Double image encryption algorithm based on compressive sensing and elliptic curve

A new improved three-dimensional continuous chaotic system (ImproBsys) is designed in this paper. It can achieve from an ordinary chaotic state to a hyperchaotic state, that is, chaotic behavior tends to become more complex. Furthermore, by using ImproBsys, this paper proposes a double image encryption algorithm based on compressive sensing and public key elliptic curve. First, the two plain images of the same size are excuted by discrete wavelet transformation (DWT), and then the DWT coefficients are thresholded. Second, the quantization matrix is compressed by compressive sensing, and the size is reduced to half of the original one, and then the two compressed matrices are spliced together to form a new matrix. Finally, the new matrix is encrypted by elliptic curve cipher to get the cipher image.
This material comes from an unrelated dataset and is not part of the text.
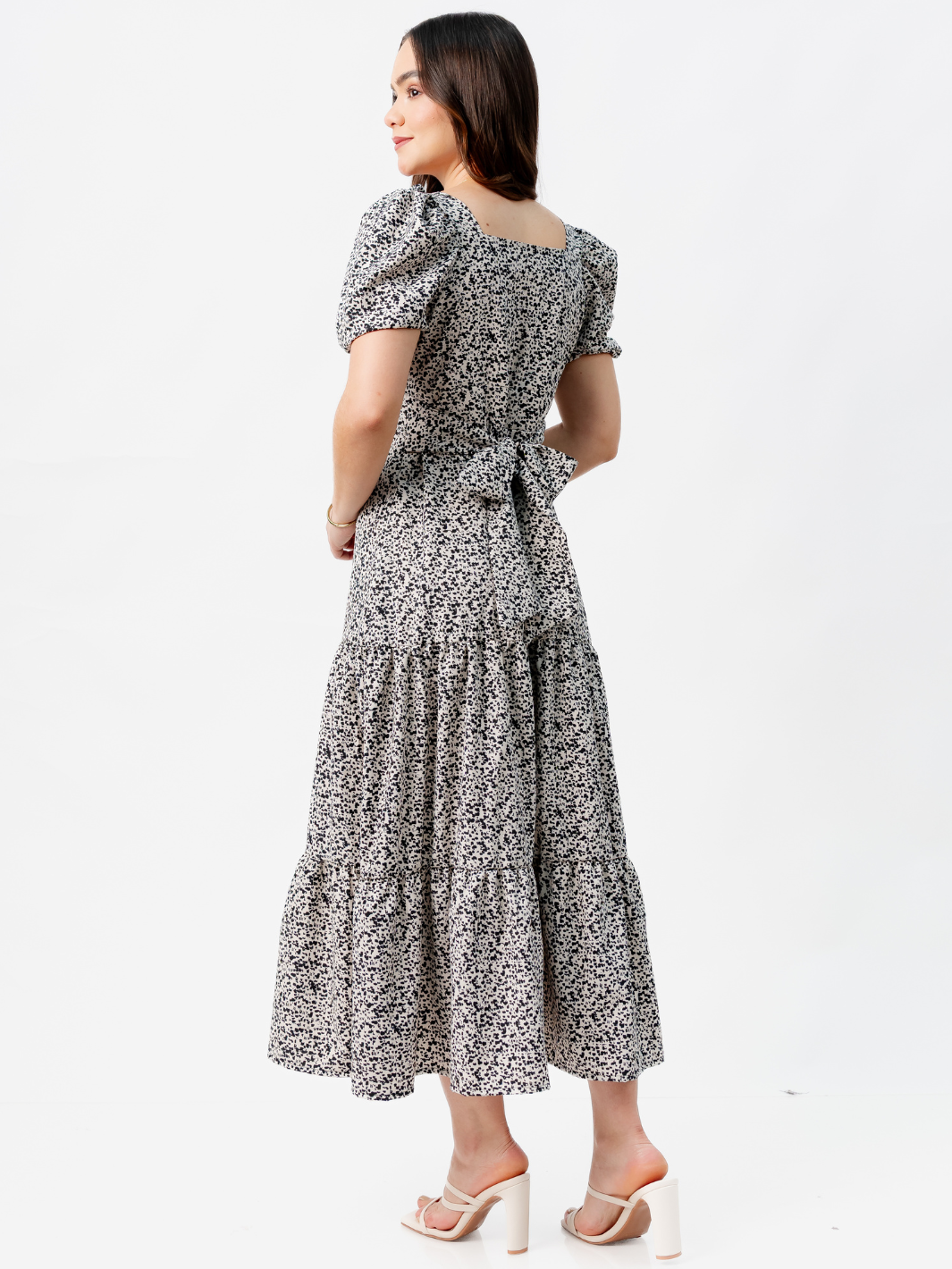 VESTIDO CASUAL LARGO CON LAZO TILZA PERLA/NEGRO

Our contributions are: (1) A new ImproBsys is designed with better chaotic behavior, which has two positive Lyapunov exponents to show hyperchaos phenomenon. (2) Compressive sensing technique is employed to reduce the amount of data transmission for two single images, and then we use ImproBsys to control the measurement matrix. (3) The initial values of the ImproBsys depend on the information entropy of the plain image by a new constructed mathematical model.(c) 2021 THE AUTHORS. Published by Elsevier BV on behalf of Faculty of Engineering, Alexandria University This is an open access article under the CC BY-NC-ND license (http://creativecommons.org/ licenses/by-nc-nd/4.0/).

Automated summary

This paper designs a new improved three-dimensional continuous chaotic system that can achieve a transition from an ordinary chaotic state to a hyperchaotic state. Based on this system, a double image encryption algorithm is proposed using compressive sensing and public key elliptic curve. The algorithm employs discrete wavelet transformation, compressive sensing, and elliptic curve cipher to encrypt and compress the images.